EXERCISE DATA -
◆ ◆ ◆

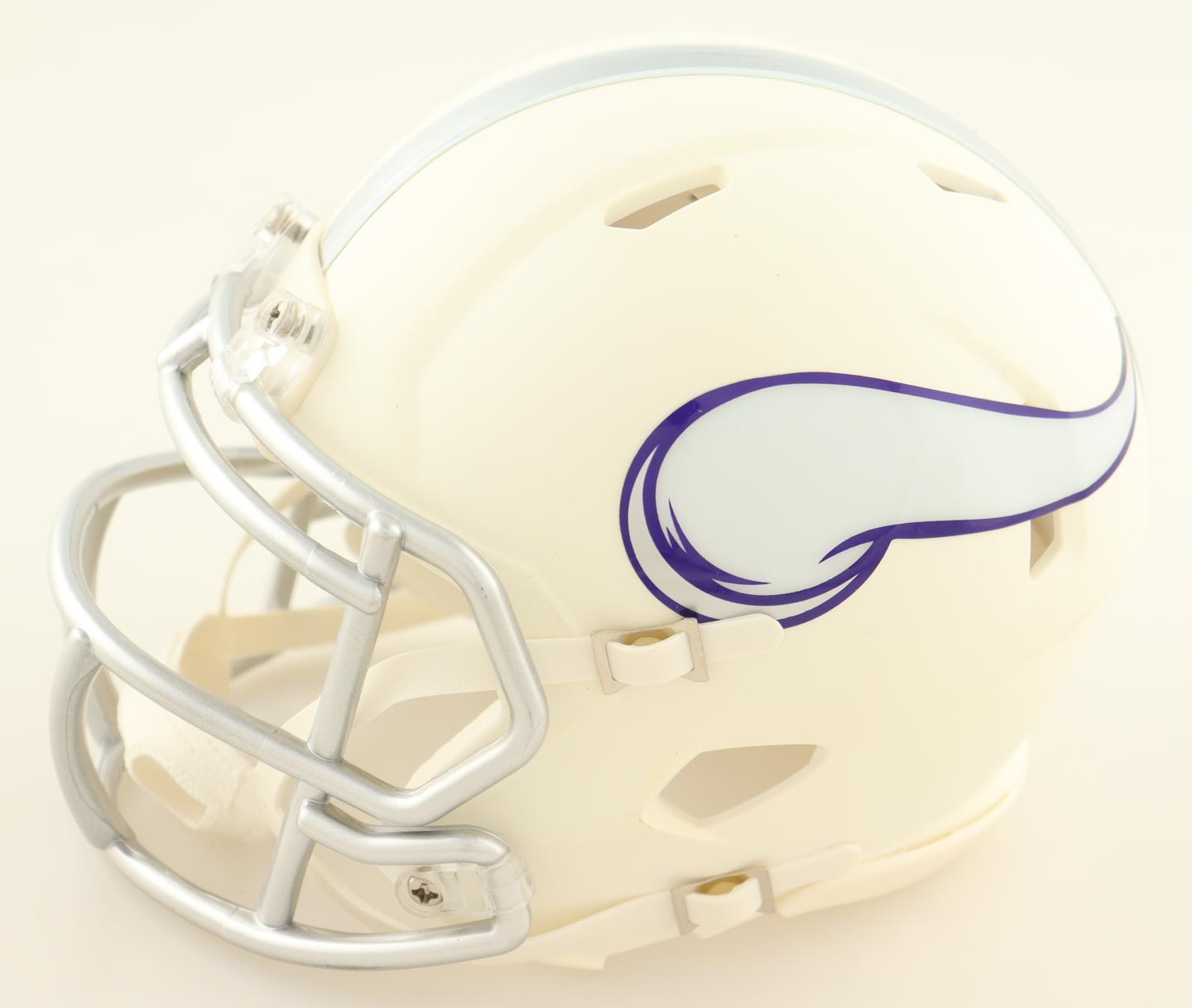 Riddell Minnesota Vikings Alternate Speed Mini Helmet. Hand-signed by Jordan Addison. Note that the signature shows signs of smearing. Please see photos for details regarding the condition of the item.
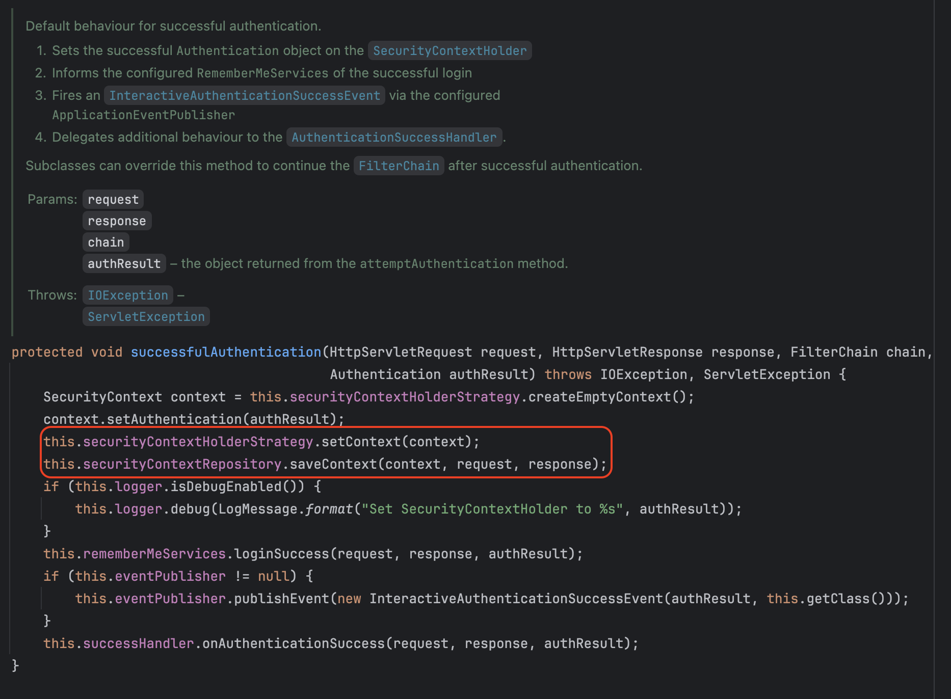 이후 인증 성공 시 Spring Security은 명시적으로 SecurityContext를 저장하는 코드를 활용함으로써 SecurityContext를 저장합니다.
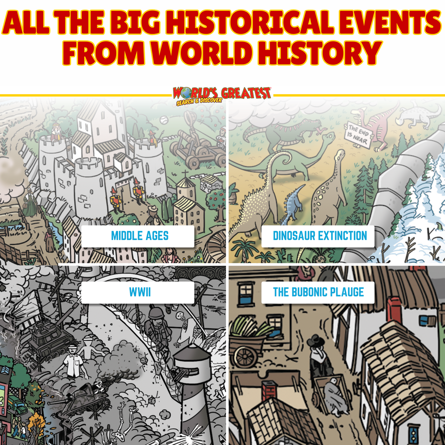 From the fall of Rome to World War II, this search-and-find timeline brings history’s most defining moments to life! Find and explore major events like the Black Plague, the Dark Ages, the Renaissance, the Industrial Revolution, and space exploration—all captured in incredible detail.
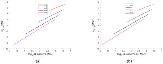(a) (MSE) vs. (Linssen’s MoN) and (b) (MSE) vs. (Linssen’s-LS) using 10 scalar measurements.
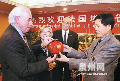 會見時,朱明向客人介紹了我市經(jīng)濟社會發(fā)展和建設海峽西岸經(jīng)濟區(qū)現(xiàn)代化工貿(mào)港口城市的基本情況。朱明說,埃羅省與泉州有著良好的友好交往基礎。前年,雅克·阿特蘭副省長曾到泉州訪問,去年泉州代表團也到法國考察。這幾年,泉州的一些文化團體在全國友協(xié)的指導下,多次到法國去演出和展覽,特別是泉州木偶劇團在法國演出的時候受到了法國民眾的贊賞。有了過去的交往基礎和現(xiàn)在簽署的兩地結好意向書,相信兩地之間各方面的友好交流與合作會更加深入、更加廣泛。
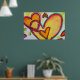 Peach and orange hearts connect like blowing bubbles drift together. A green outline traces each heart. Pale yellow colour dots are like confetti between the hearts. The watercolor painting has a light layer of gold and pink on top. Laugh hearts are a detail from Inspirational Word "Laugh" painting. This poster is great for many occasions, such as, weddings, engagements, birth announcements, save the date cards, shower invitations, Valentine's Day and more! Customise the poster print by adding your own text to it. Proceeds from the sale of this invitation support DonnaBellas Angels, a 501(c)3 non-profit.
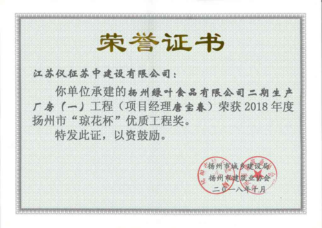 2018年度揚(yáng)州市瓊花杯優(yōu)質(zhì)…
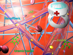 The team made their nanofiber mesh using two components: a blood-compatible primary matrix polymer made from polyethylene-co-vinyl alchohol, or EVOH, and several different forms of zeolites - naturally occurring aluminosilicates. Zeolites have microporous structures capable of adsorbing toxins such as creatinine from blood.
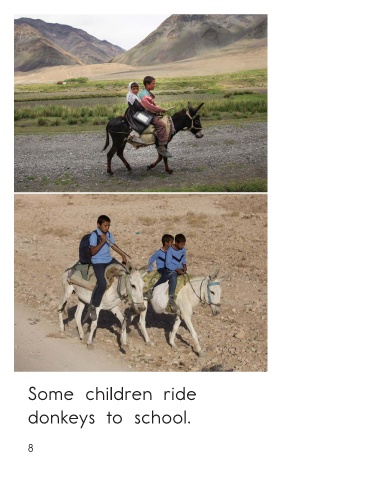 Some children ride Some children ride buses to school. donkeys to school. How We Get to School • Level D Benchmark 7 8
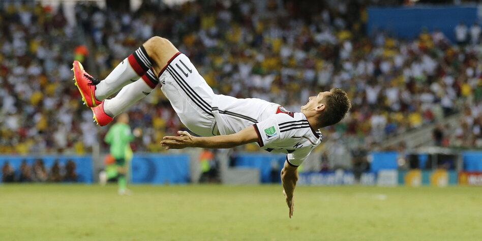 IMG Bild: Auch ohne Kontrolle: Miroslav Klose beim missglückten Jubel-Salto.
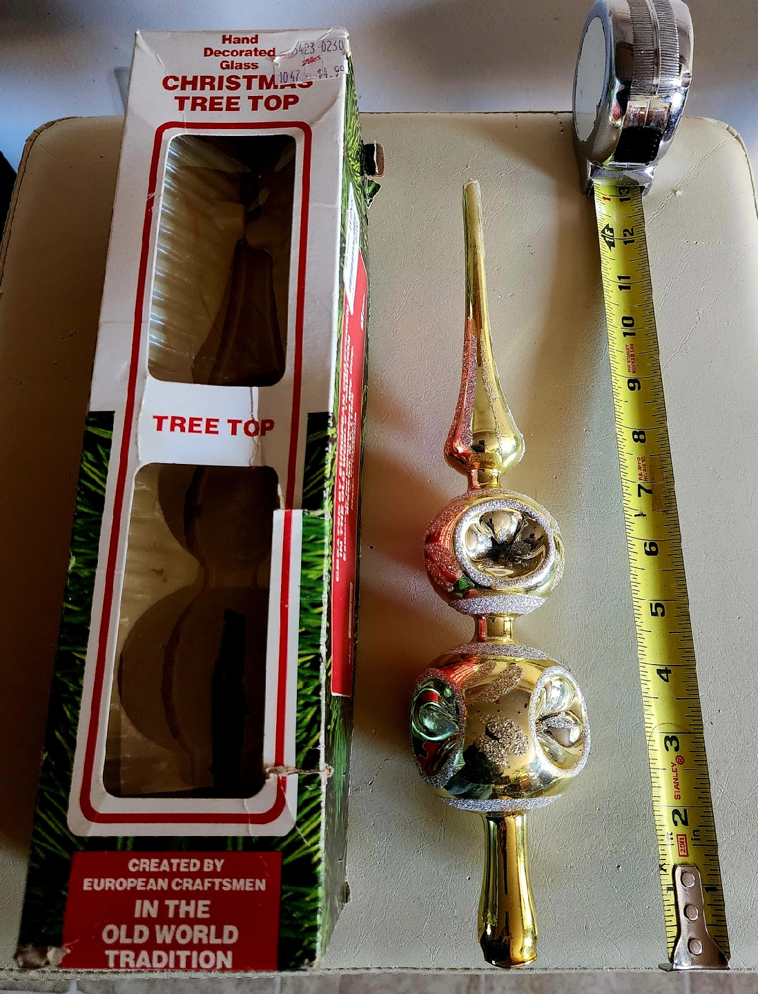 Add some vintage charm to your Christmas tree with this hand-decorated glass tree topper! It was created by European craftsmen in the old-world tradition and expressly made for Commodore Mfg Corp. Comes with the original box!

◆ ◆ ◆

WHAT IS REQUIRED - Leaving the pictures aside, give back all the records exactly as they are.

RESULT OF THE EXERCISE -
 Riddell Minnesota Vikings Alternate Speed Mini Helmet. Hand-signed by Jordan Addison. Note that the signature shows signs of smearing. Please see photos for details regarding the condition of the item.
 이후 인증 성공 시 Spring Security은 명시적으로 SecurityContext를 저장하는 코드를 활용함으로써 SecurityContext를 저장합니다.
 From the fall of Rome to World War II, this search-and-find timeline brings history’s most defining moments to life! Find and explore major events like the Black Plague, the Dark Ages, the Renaissance, the Industrial Revolution, and space exploration—all captured in incredible detail.
(a) (MSE) vs. (Linssen’s MoN) and (b) (MSE) vs. (Linssen’s-LS) using 10 scalar measurements.
 會見時,朱明向客人介紹了我市經(jīng)濟社會發(fā)展和建設海峽西岸經(jīng)濟區(qū)現(xiàn)代化工貿(mào)港口城市的基本情況。朱明說,埃羅省與泉州有著良好的友好交往基礎。前年,雅克·阿特蘭副省長曾到泉州訪問,去年泉州代表團也到法國考察。這幾年,泉州的一些文化團體在全國友協(xié)的指導下,多次到法國去演出和展覽,特別是泉州木偶劇團在法國演出的時候受到了法國民眾的贊賞。有了過去的交往基礎和現(xiàn)在簽署的兩地結好意向書,相信兩地之間各方面的友好交流與合作會更加深入、更加廣泛。
 Peach and orange hearts connect like blowing bubbles drift together. A green outline traces each heart. Pale yellow colour dots are like confetti between the hearts. The watercolor painting has a light layer of gold and pink on top. Laugh hearts are a detail from Inspirational Word "Laugh" painting. This poster is great for many occasions, such as, weddings, engagements, birth announcements, save the date cards, shower invitations, Valentine's Day and more! Customise the poster print by adding your own text to it. Proceeds from the sale of this invitation support DonnaBellas Angels, a 501(c)3 non-profit.
 2018年度揚(yáng)州市瓊花杯優(yōu)質(zhì)…
 The team made their nanofiber mesh using two components: a blood-compatible primary matrix polymer made from polyethylene-co-vinyl alchohol, or EVOH, and several different forms of zeolites - naturally occurring aluminosilicates. Zeolites have microporous structures capable of adsorbing toxins such as creatinine from blood.
 Some children ride Some children ride buses to school. donkeys to school. How We Get to School • Level D Benchmark 7 8
 IMG Bild: Auch ohne Kontrolle: Miroslav Klose beim missglückten Jubel-Salto.
 Add some vintage charm to your Christmas tree with this hand-decorated glass tree topper! It was created by European craftsmen in the old-world tradition and expressly made for Commodore Mfg Corp. Comes with the original box!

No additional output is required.